Prosecuting Attorney of Honolulu
- In office January 1, 1981 – December 31, 1988
- Succeeded by: Keith M. Kaneshiro

Personal details
- Born: Charles Francis Marsland April 11, 1923 Honolulu, Hawaii
- Died: April 11, 2007 (aged 84) Honolulu, Hawaii
- Party: Hawaii Republican Party
- Spouse: Jayne Watts Marsland
- Domestic partner: Polly Grigg
- Children: 2
- Education: Tufts University Northeastern University

Military service
- Allegiance: United States
- Branch/service: United States Navy
- Rank: Lieutenant
- Battles/wars: World War II

= Charles Marsland =

American prosecutor (1923–2007)

Charles Marsland (1923–2007) was a Honolulu attorney who served as the first elected Prosecuting Attorney of Honolulu from 1981 to 1988. He is best known for his aggressive prosecution of the Hawaiian Mob during the mid 1980s, which took place after the murder of his son that was allegedly connected to organized crime.

== Early life and education ==

Marsland, the grandson of Norwegian immigrants to Hawaii, was born on April 11, 1923. His father, Charles F. Marsland Sr., was a deep-sea diver and his mother Sadie was a schoolteacher.

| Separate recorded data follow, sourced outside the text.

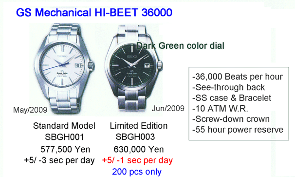 Seiya-San has posted news of the Grand Seiko Mechanical watch. The a white dial HI-BEET 36000 will be released in May with a retail price of about $6,000 USD. And there's a dark green face model coming out in June for about $6,500 USD (only 200 produced). It's a classic elegant design that features a transparent case back. Pre-orders have already started.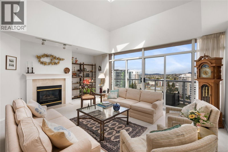 Perched atop the prestigious Regents Park, this stunning 17th-floor penthouse offers an exceptional blend of space, light, and breathtaking scenery in the heart of downtown Victoria. Spanning over 1,800 sq ft, this expansive residence is designed for both comfortable living and impressive entertaining. The main living and dining areas are filled with natural light, highlighted by soaring 9-foot ceilings and a dramatic vaulted skylight that enhances the open, airy feel. Floor-to-ceiling windows frame panoramic views of the city, mountains, and water, while a cozy fireplace anchors the inviting family room. The thoughtfully designed layout features two spacious bedrooms, a versatile den, and multiple outdoor spaces. With five private balconies, you can take in the views from nearly every angle, whether enjoying your morning coffee or unwinding at sunset. The primary suite is a true retreat, complete with a walk-in closet, additional storage, a private patio, and a luxurious ensuite with dual sinks, a deep soaker tub, and a separate walk-in shower. The second bedroom also offers a walk-in closet and its own private outdoor space, ideal for guests or family. The kitchen is both functional and stylish, featuring stainless steel appliances, quartz countertops, glass cabinetry, and a separate eating area with access to yet another balcony. A generous laundry room provides additional storage, while wide hallways and a well-appointed main bathroom with a tub and shower combination add to the home’s thoughtful design. This well-managed building offers secure underground parking, separate storage, and excellent amenities including a fitness facility and spa. A rare opportunity to own a bright, spacious penthouse with unmatched views in one of Victoria’s most sought-after communities. (id:39198)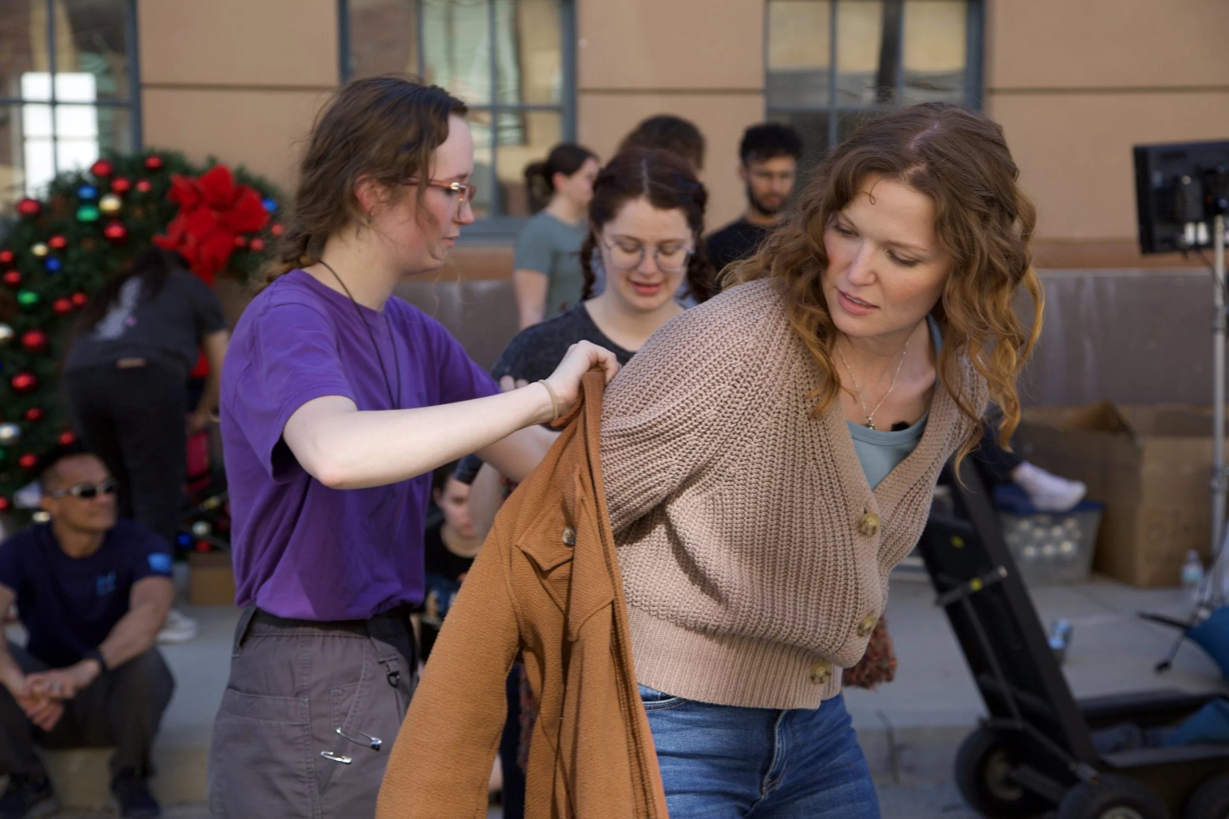 The wardrobe of TMU alumni, Lily Underwood (back) and Carrie Clausen (left) prep Camacho, who plays “Michelle” for a scene.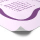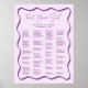 Guíe a sus huéspedes con facilidad utilizando este moderno Poster de tablas de asientos con Boda de ondulación violeta. Un fondo morado claro y un borde ondulado violeta violeta enmarcan la lista de invitados, mostrada en orden alfabético para una navegación sencilla. En la parte superior, "Find Your Seat" (Encuentra tu asiento) está resaltado en un guión morado escrito a mano, con tus nombres y la fecha de boda que se muestra a continuación. Funcional y elegante, este poster de la gráfica de asientos está disponible como una impresión profesional o descarga instantánea.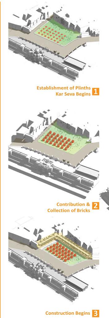“Kar-Sewa” is the concept of volunteering free labor. The idea was to get the construction of the plaza through the efforts of the devotees. Hence the design was modular in nature and could be constructed over a period of time.
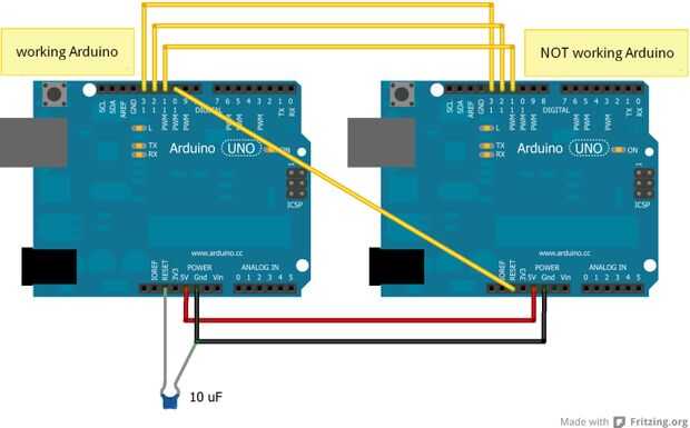 Conecte un condensador de 10 uF entre reset y en el funcionamiento de Arduino.

Marsland attended the prestigious Punahou School and, upon graduation, attended Tufts College in Medford, Massachusetts. While enrolled, he joined the US Navy Reserve Officers Training Corps as a rifleman and was subsequently deployed to fight in the Pacific Ocean theater of World War II. As a Naval commander, Marsland fought in the Philippines and, after the war, remained in the Navy as a prison administration officer at Pearl Harbor. Following his discharge from the Navy, he returned to Tufts and graduated with his bachelor's degree in 1949, then enrolled at Northeastern University's school of law in Boston.

== Career ==

=== Assistant attorney general in Massachusetts (1953 - 1958) ===

Marsland's first job as a prosecutor was working as an assistant attorney general in 1953, serving in the office of then-Massachusetts Attorney General George Fingold. As an assistant attorney general, he prosecuted cases involving gambling, organized crime, and murder.

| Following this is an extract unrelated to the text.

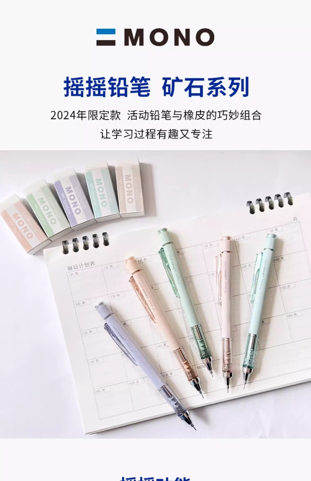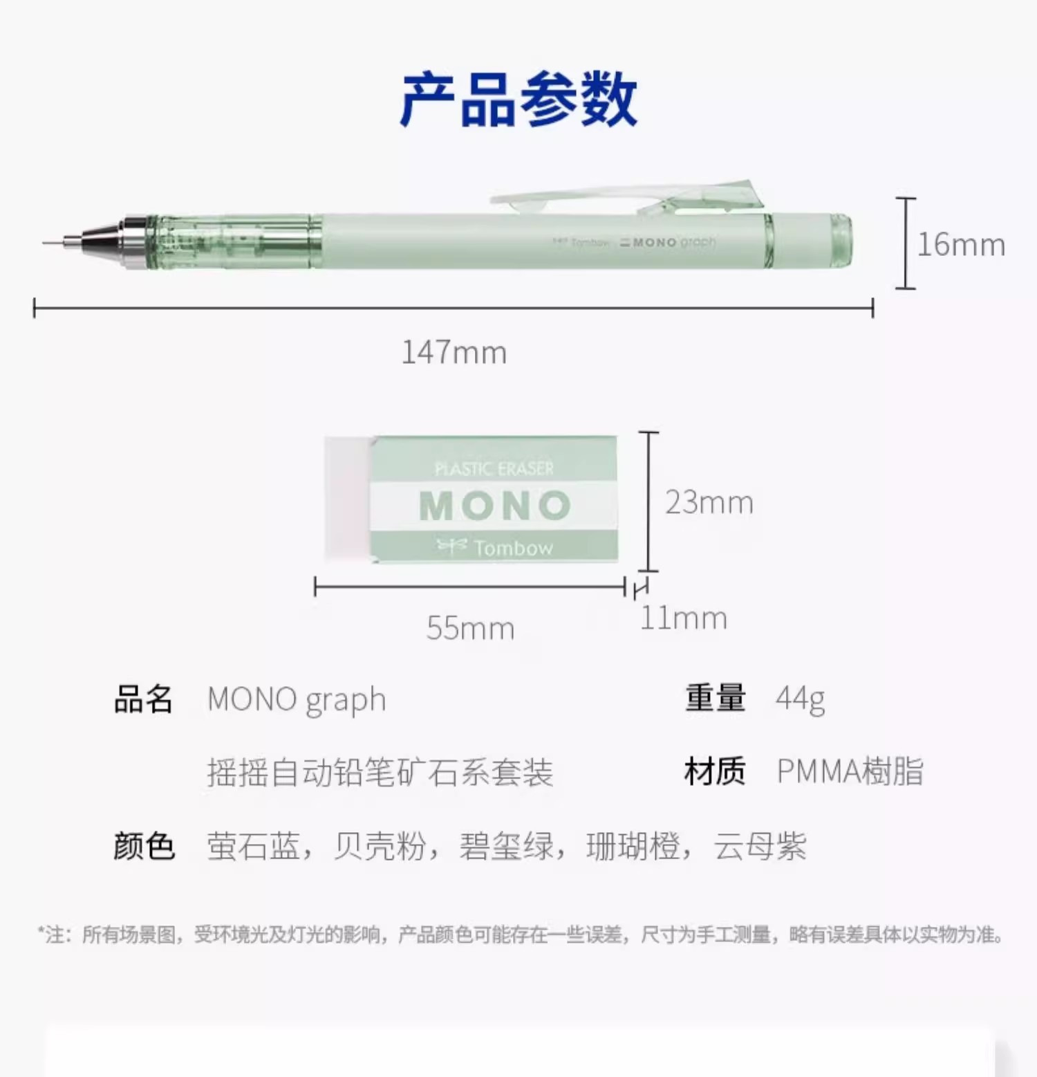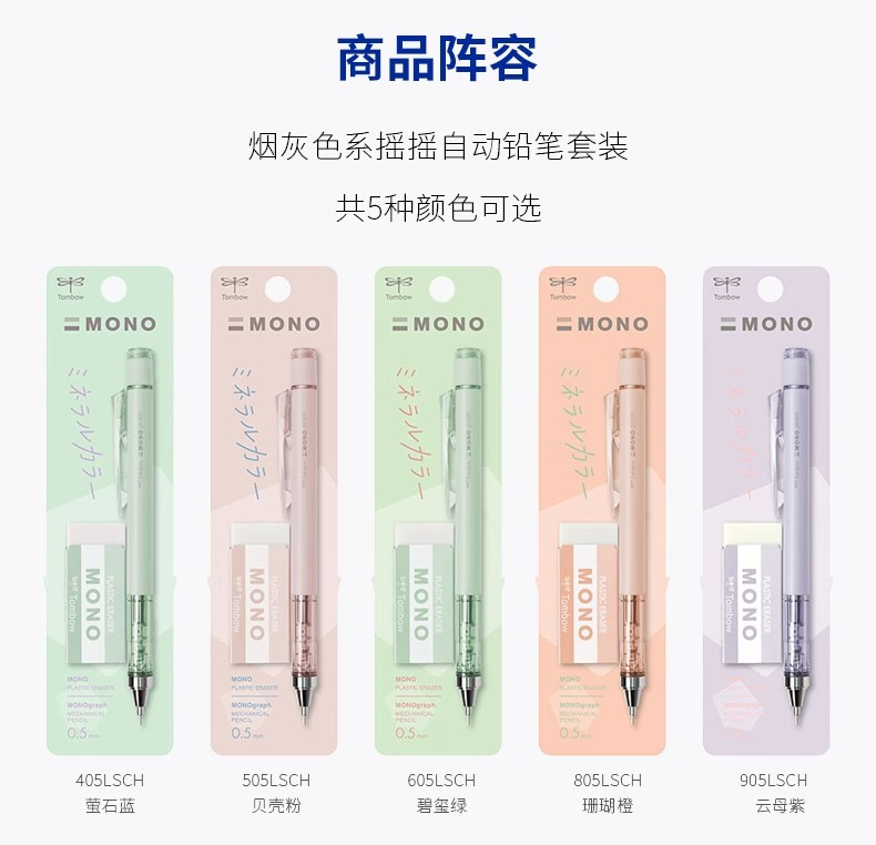 잠자리 일본 광석 시리즈 제한 색상 0.5 문구 학생 새로운 흔들 기계 연필 지우개 세트스토어 가기

=== Campaign for Plymouth County district attorney (1958) ===

In 1958, Marsland resigned from the attorney generals' office and entered private practice. He attempted to run for his first elected office as Plymouth County district attorney, challenging incumbent John Wheatley. However, he fell short in the Republican primary, losing with 8,463 votes to 13,569 votes. Wheatley went on to win re-election unopposed.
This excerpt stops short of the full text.